Admittedly, this is an unrealistic dream. But fueling my desire is the fact that Götterdämmerung 's opening scene has greatest impact when you see it in close contrast to the preceding opera's happy finale.

Götterdämmerung, The Twilight of the Gods, begins with three women talking about the past and, when they turn to speak of the future, everything breaks off. These are the Norns who supposedly know everything about past and future. They are weaving the long rope of destiny and then, abruptly, it snaps. The scene goes dark and we are plunged into despair that the end of their world is imminent.

I am reminded of a bit of Shakespeare's three witches who open Macbeth by somberly contemplating the future.

The Norns' scene gives us some helpful background to the story we've been watching for more than ten hours. They sing about how Wotan, early in his career, cut a branch off the World Ash Tree, source of all wisdom, and made from it his spear, and he drank from a spring of knowledge near the tree's roots. He gave something precious in payment for this wisdom - one of his eyes, which is why he wears a patch. Through three operas we have seen it and only now do we learn its significance.

The Norns also tell us that the ash tree has died and Wotan is cutting its branches into firewood and stacking them. He is resigned to the death of the gods and intends to burn his palace to the ground.

Now the story returns to the narrative of Siegfried and Brünnhilde. By and large I avoid compositional details such as key and meter because many readers find it too technical. But here it is an essential part of the drama. Music for the older Siegfried has become more adult, in solid two-four time rather than the youthful six-eight of the previous opera, and a minor harmony indicates coming sorrow. The theme of the mature Brünnhilde is beautiful and appropriately clinging. She sends him off to new adventures, asking him to keep their love in mind as the orchestra gives us wonderful traveling music, the "Rhine Journey." This opera was composed after Wagner took a 17-year break from the Ring and he had written Tristan und Isolde and Die Meistersinger in the interval. Not surprisingly, his orchestral music is even more complex and symphonic than before.

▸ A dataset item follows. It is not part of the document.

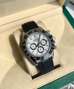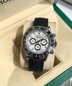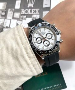 Rolex Daytona. Automatisches mechanisches Werk. Gehäuse aus 316L Edelstahl mit polierter Keramiklünette. Kratzfestes Saphirglas. Armband aus Edelstahl oder hochwertigem Gummi mit originaler Schließe. Zeitloses Design für erfolgreiche Personen.

Siegfried discovers a population of Gibichungs living near the Rhine. We have received no preparation for their entrance; we know little about the Gibichungs and have scant reason to care except that Siegfried's interaction with them is going to lead to his death. Siegfried meets Gunther, the king of the Gibichungs, and his half-brother, Hagen, who was fathered by the villain of the Ring, Alberich.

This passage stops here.